United States District Court, Northern District of Texas
Apr 11, 2023
3:14-cr-00340-K-5 (N.D. Tex. Apr. 11, 2023)

Opinion

3:14-cr-00340-K-5

04-11-2023

UNITED STATES OF AMERICA v. LARRY SOLOMON, Defendant.


MEMORANDUM OPINION AND ORDER

ED KINKEADE UNITED STATES DISTRICT JUDGE

Before the Court is Defendant Larry Solomon's motion to reduce his sentence under 18 U.S.C. § 3582(c)(1)(A) [Dkt. No. 901], and the government's sealed response [Dkt. No. 908.] For the reasons explained below, because Solomon has shown an extraordinary and compelling reason for a reduced sentence, and because the Court finds that no component of the applicable factors under 18 U.S.C. § 3553(a) renders inadequate a reduced sentence of time served, the Court GRANTS the motion, REDUCES Solomon's sentence to time served, and ORDERS that he be immediately released from custody under the previously imposed conditions of supervised release.

I. BACKGROUND

Solomon pleaded guilty to (1) conspiracy to interfere with commerce by robbery, in violation of 18 U.S.C. § 1951(a) (Hobbs Act robbery) (Count One); and (2) using, carrying, and brandishing a firearm during and in relation to and possessing and brandishing a firearm in furtherance of a crime of violence, in violation of 18 U.S.C. § 924(c)(1)(A)(ii) (Count Two). See Dkt. No. 445. On February 7, 2018, he received forty-six months' imprisonment on Count One and eighty-four months' imprisonment on Count Two, with the two terms to run consecutively and with credit for time served back to March 30, 2016. Id. He did not appeal the judgment.

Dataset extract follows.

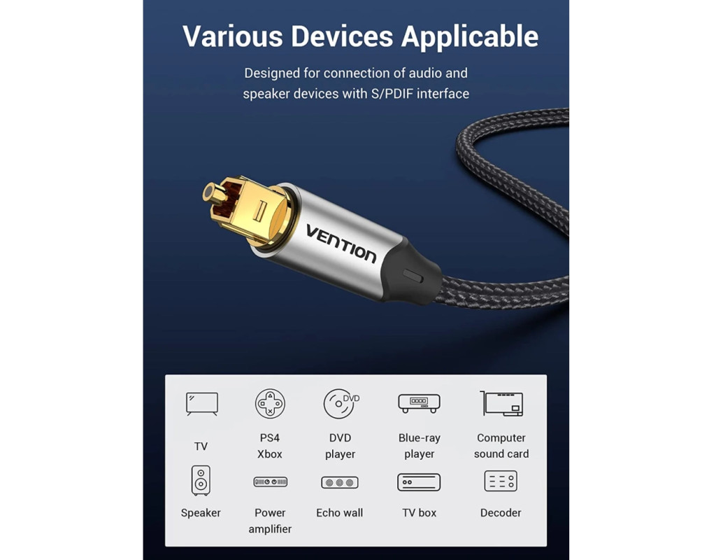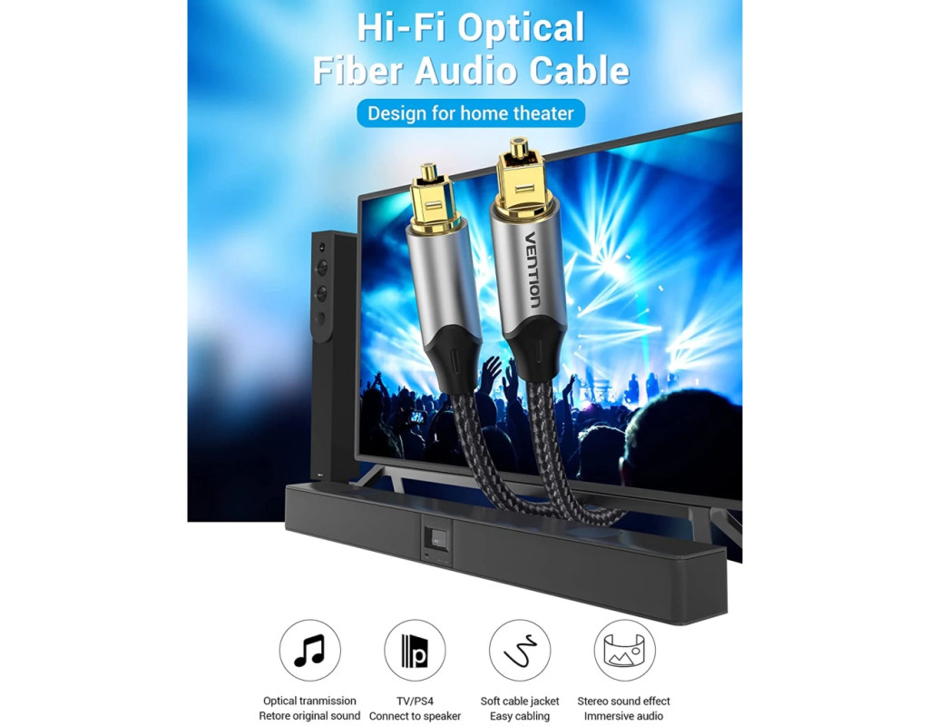 Кабель мультимедийный Optical Toslink 1.0m gray Vention (BAVHF)

He did file a motion to vacate his sentence under 28 U.S.C. § 2255, arguing that his § 924(c) conviction could not stand in light of United States v. Davis, 139 S.Ct. 2319 (2019), in which the Supreme Court held that the “residual clause” found in § 924(c)(3)(B)-pursuant to which his § 924(c) conviction was premised-is unconstitutionally vague. See Solomon v. United States, 3:22-cv-00944-K, Dkt. No. 6 (N.D. Tex. 2022). But the Court denied Solomon's § 2255 motion as untimely. See id.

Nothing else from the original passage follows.